> [RECORDED INFORMATION]
■ ■ ■ ■

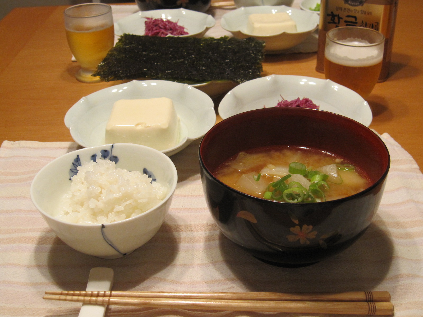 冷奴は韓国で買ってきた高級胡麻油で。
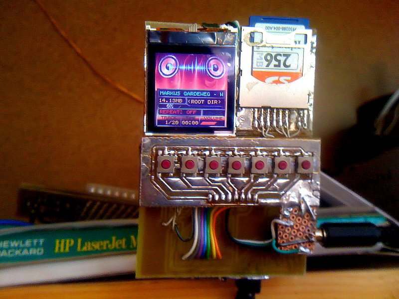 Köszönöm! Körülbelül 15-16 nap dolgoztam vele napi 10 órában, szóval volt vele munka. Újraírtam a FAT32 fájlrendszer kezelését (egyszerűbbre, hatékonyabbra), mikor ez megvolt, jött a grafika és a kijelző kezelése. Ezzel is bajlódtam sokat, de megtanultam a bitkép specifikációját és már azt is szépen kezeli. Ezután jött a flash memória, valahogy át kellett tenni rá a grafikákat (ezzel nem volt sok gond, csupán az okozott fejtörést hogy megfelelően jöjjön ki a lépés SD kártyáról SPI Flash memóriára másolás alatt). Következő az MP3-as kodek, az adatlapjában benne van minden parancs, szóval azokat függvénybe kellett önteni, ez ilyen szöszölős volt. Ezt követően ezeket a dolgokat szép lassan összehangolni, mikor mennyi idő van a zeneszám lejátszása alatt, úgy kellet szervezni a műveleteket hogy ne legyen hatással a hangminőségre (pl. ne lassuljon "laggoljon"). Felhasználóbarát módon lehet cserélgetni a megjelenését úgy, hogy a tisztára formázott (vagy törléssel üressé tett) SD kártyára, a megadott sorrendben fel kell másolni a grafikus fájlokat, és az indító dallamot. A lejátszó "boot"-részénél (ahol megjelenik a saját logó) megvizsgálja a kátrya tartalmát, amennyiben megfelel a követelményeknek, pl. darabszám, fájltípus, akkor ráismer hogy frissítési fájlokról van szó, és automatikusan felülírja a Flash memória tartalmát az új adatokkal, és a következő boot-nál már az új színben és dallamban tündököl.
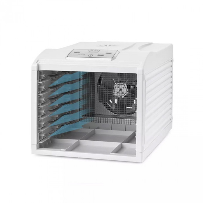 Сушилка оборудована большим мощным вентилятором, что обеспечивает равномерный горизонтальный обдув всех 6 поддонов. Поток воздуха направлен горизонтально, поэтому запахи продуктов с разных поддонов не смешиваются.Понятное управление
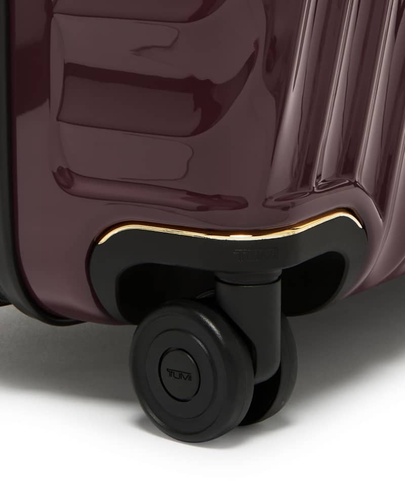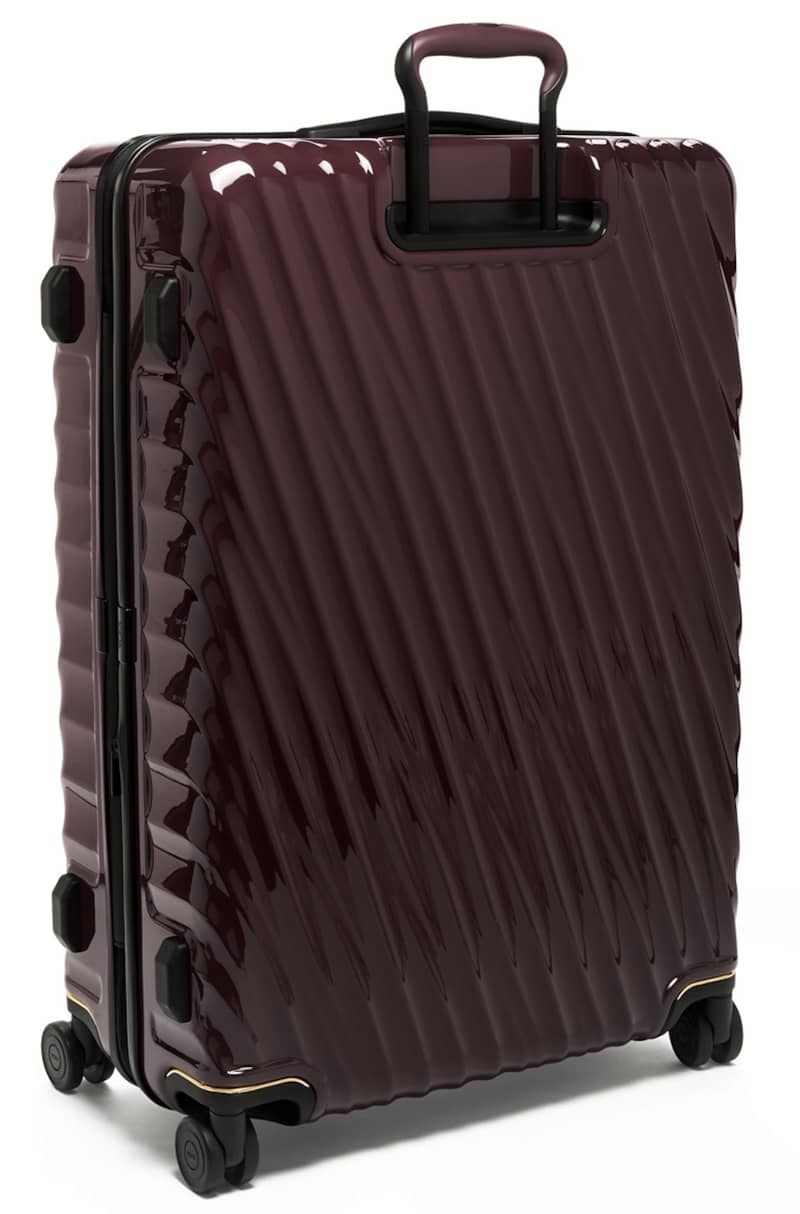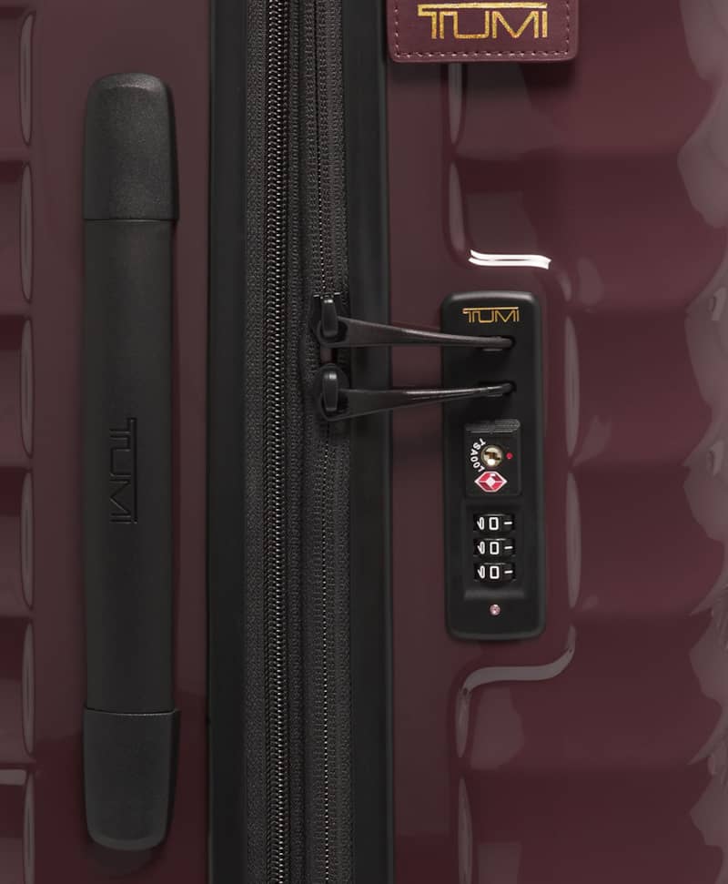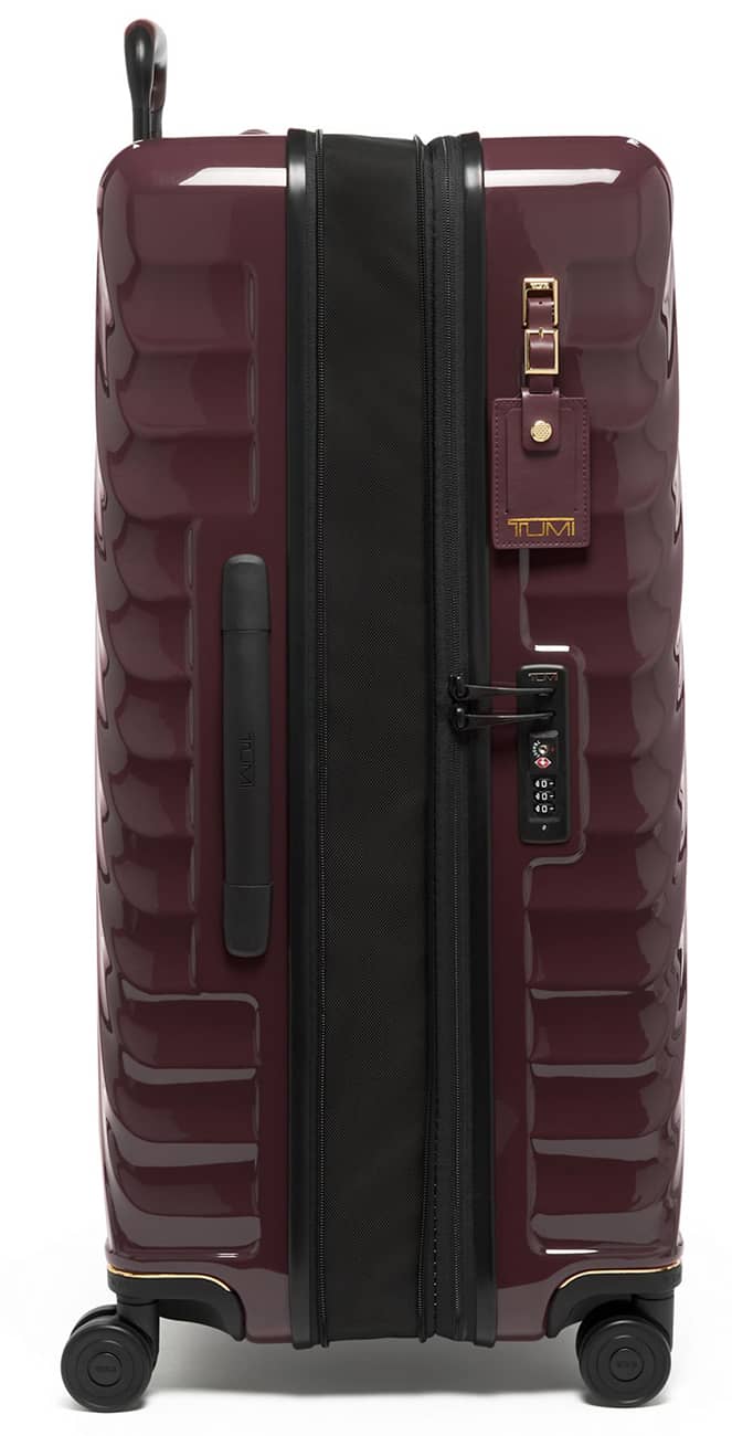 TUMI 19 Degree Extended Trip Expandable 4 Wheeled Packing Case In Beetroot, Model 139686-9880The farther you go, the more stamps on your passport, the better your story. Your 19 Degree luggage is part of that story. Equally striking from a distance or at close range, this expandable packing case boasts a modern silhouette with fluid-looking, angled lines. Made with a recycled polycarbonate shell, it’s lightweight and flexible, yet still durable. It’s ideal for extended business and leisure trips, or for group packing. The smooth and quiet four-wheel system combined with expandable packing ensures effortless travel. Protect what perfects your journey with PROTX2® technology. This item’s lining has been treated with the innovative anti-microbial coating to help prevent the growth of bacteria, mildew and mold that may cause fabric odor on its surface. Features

■ ■ ■ ■

> [EXERCISE GOAL]
Leave out the pictures, then repeat the listing above exactly from its first line to the line with "Сушилка оборудована большим", inclusive.

> [PROBLEM SOLUTION]
 冷奴は韓国で買ってきた高級胡麻油で。
 Köszönöm! Körülbelül 15-16 nap dolgoztam vele napi 10 órában, szóval volt vele munka. Újraírtam a FAT32 fájlrendszer kezelését (egyszerűbbre, hatékonyabbra), mikor ez megvolt, jött a grafika és a kijelző kezelése. Ezzel is bajlódtam sokat, de megtanultam a bitkép specifikációját és már azt is szépen kezeli. Ezután jött a flash memória, valahogy át kellett tenni rá a grafikákat (ezzel nem volt sok gond, csupán az okozott fejtörést hogy megfelelően jöjjön ki a lépés SD kártyáról SPI Flash memóriára másolás alatt). Következő az MP3-as kodek, az adatlapjában benne van minden parancs, szóval azokat függvénybe kellett önteni, ez ilyen szöszölős volt. Ezt követően ezeket a dolgokat szép lassan összehangolni, mikor mennyi idő van a zeneszám lejátszása alatt, úgy kellet szervezni a műveleteket hogy ne legyen hatással a hangminőségre (pl. ne lassuljon "laggoljon"). Felhasználóbarát módon lehet cserélgetni a megjelenését úgy, hogy a tisztára formázott (vagy törléssel üressé tett) SD kártyára, a megadott sorrendben fel kell másolni a grafikus fájlokat, és az indító dallamot. A lejátszó "boot"-részénél (ahol megjelenik a saját logó) megvizsgálja a kátrya tartalmát, amennyiben megfelel a követelményeknek, pl. darabszám, fájltípus, akkor ráismer hogy frissítési fájlokról van szó, és automatikusan felülírja a Flash memória tartalmát az új adatokkal, és a következő boot-nál már az új színben és dallamban tündököl.
 Сушилка оборудована большим мощным вентилятором, что обеспечивает равномерный горизонтальный обдув всех 6 поддонов. Поток воздуха направлен горизонтально, поэтому запахи продуктов с разных поддонов не смешиваются.Понятное управление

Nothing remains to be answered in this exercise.